The main strength of this analysis is the RCT design comparing migration between robotic and conventional TKA alignment techniques. The number of patients was sufficient to evaluate whether there was a statistically and clinically significant difference in implant migration between the groups [26,28]. 2 experienced arthroplasty surgeons from the same department (ØS and ØG) operated on every case together; consequently, there could be only small variations regarding the surgery.

Limitation

The main limitation was that the number of participants was too small to evaluate subgroups (age groups and implant sizes) within the study population. The study did not evaluate the migration of the femoral component. Only the tibial component migration was investigated, as aseptic loosening is more common on the tibial side.

The patients in the robotic group had bi-cortical metaphyseal pin holes in the tibia for the reflector disc assembly, more distal tibial cutting guide fixation, no opening of the tibial intramedullary canal, different alignment technique, and a higher degree of femoral component flexion (4° vs 2°).
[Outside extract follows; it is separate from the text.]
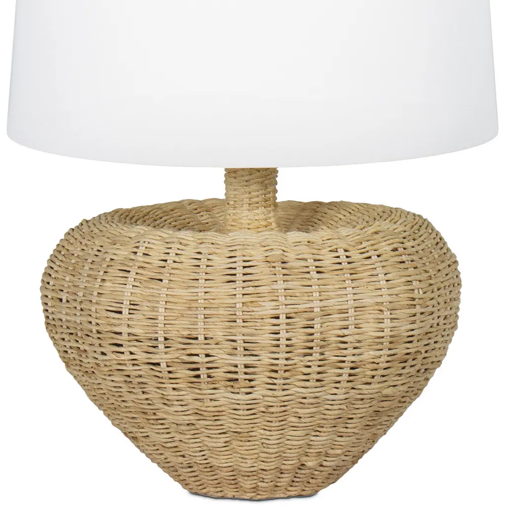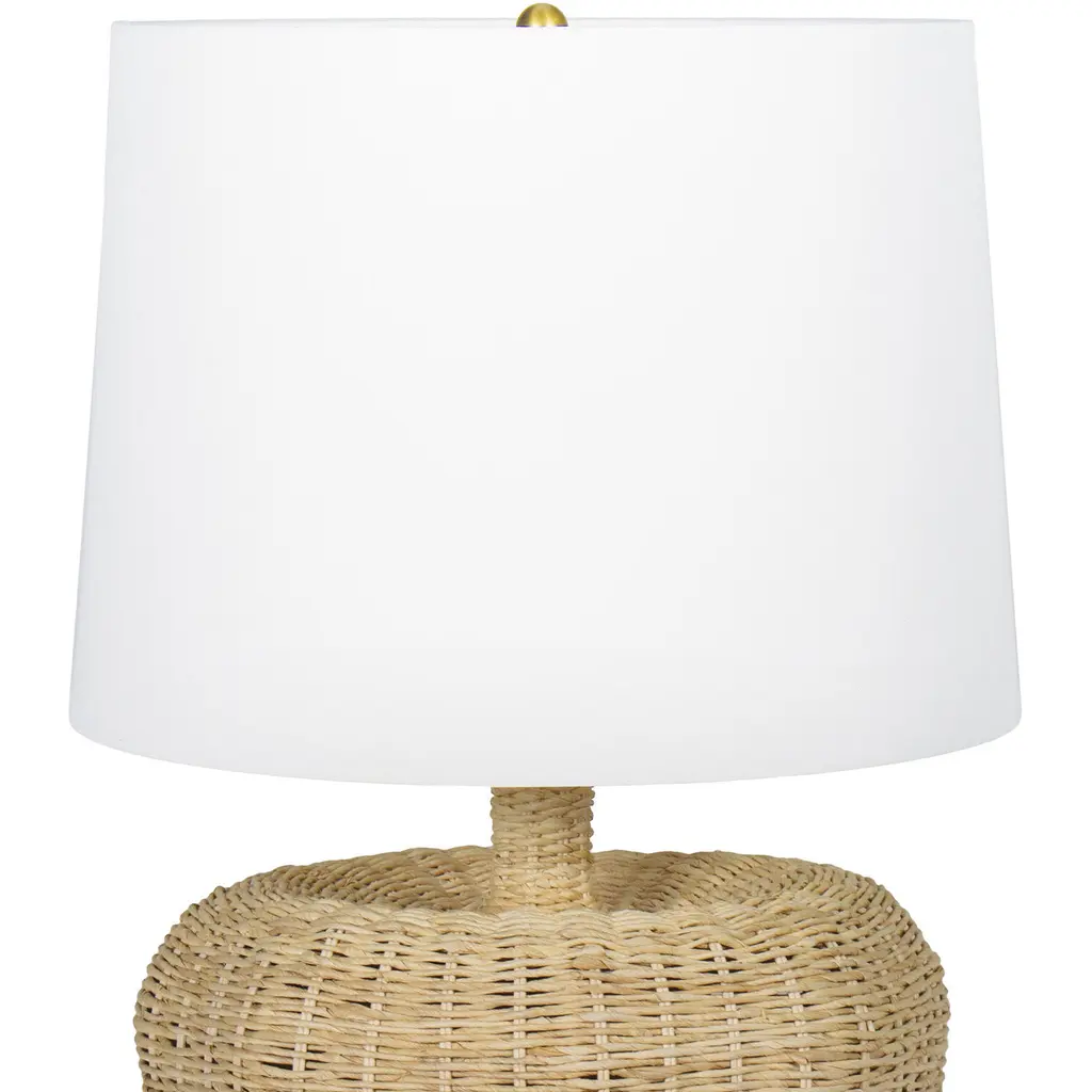 Illuminate your space with the Avery Lamp, showcasing a base with soft, heart-like curves and a sleek, elongated neck that supports a crisp white shade. Its intricately woven rattan body adds natural texture and warmth, making it ideal for coastal homes or any room in need of a sophisticated, neutral touch. The Avery Lamp blends artistry and elegance, offering a refined addition to your decor.

The alignment target differed between the groups and could theoretically lead to more shear forces and changes in migration.

Conclusion

The cemented bi-cruciate stabilized total knee implant migrates more in the first 2 years, when operated with robotic assistance, but after year 1 the migration pattern did not differ for the 2 techniques. However, the overall migration pattern is considered within safe limits.